Data excerpt —
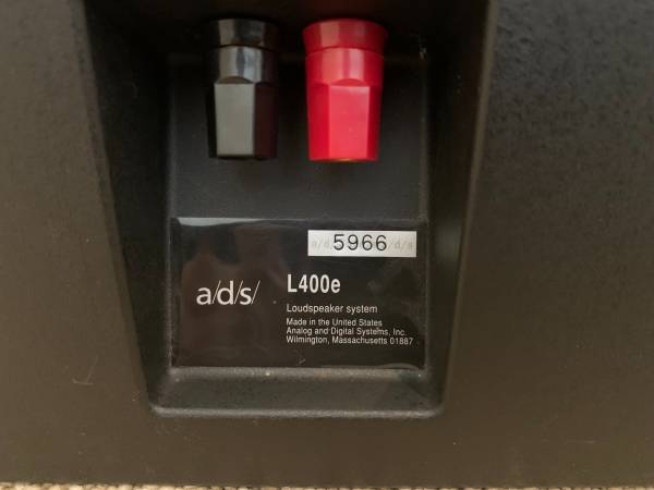 ADS L400e 2-way speakers with rare OEM stands. Excellent condition. Plug and play. Woofers just rebuilt by Richard So. Cabinets 9/10, see pics. Consecutive serial numbers. Will not sell stands separately. Pick up preferred, but will consider shipping on your dime and after full payment. $499/obo. Open to trades for cash and L810's w/metal grills.
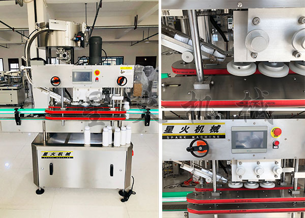 2、星火機械研發灌裝設備灌裝時密封瓶口,液體沿瓶壁下流,有效控制了灌裝時液體沖擊引起的泡沫,防止液體外溢。
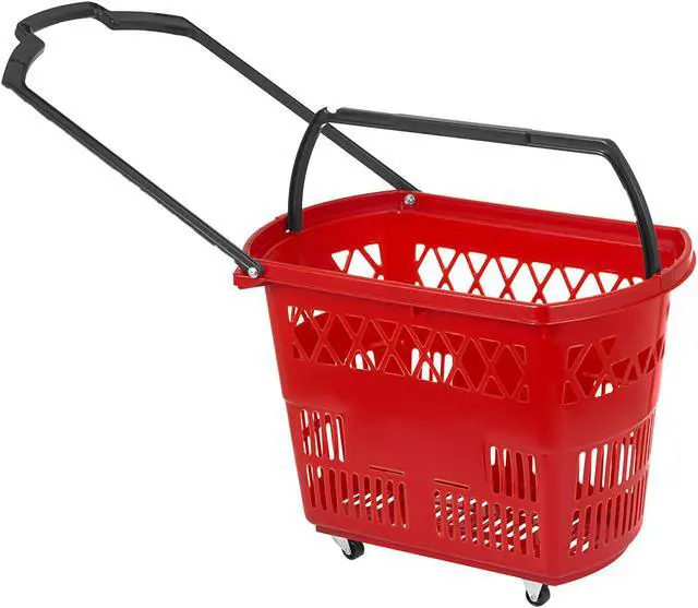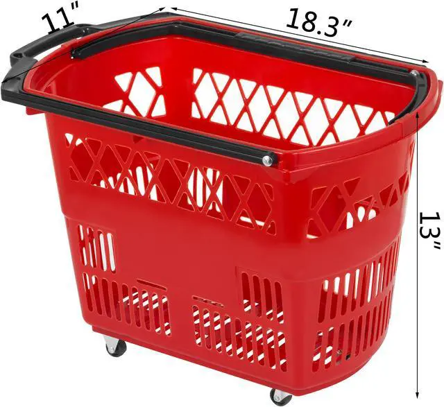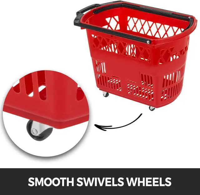 VEVOR 6PCS Shopping Carts, Plastic Rolling Shopping Basket with Wheels, Red Shopping Baskets with Handles, Portable Shopping Basket Set for Retail Store

Work instruction — After locating the line with "2、星火機械研發灌裝設備灌裝" in the listing above, transcribe it and every line after it to the last, exactly, with no pictures.

Answer for this exercise —
 2、星火機械研發灌裝設備灌裝時密封瓶口,液體沿瓶壁下流,有效控制了灌裝時液體沖擊引起的泡沫,防止液體外溢。
 VEVOR 6PCS Shopping Carts, Plastic Rolling Shopping Basket with Wheels, Red Shopping Baskets with Handles, Portable Shopping Basket Set for Retail Store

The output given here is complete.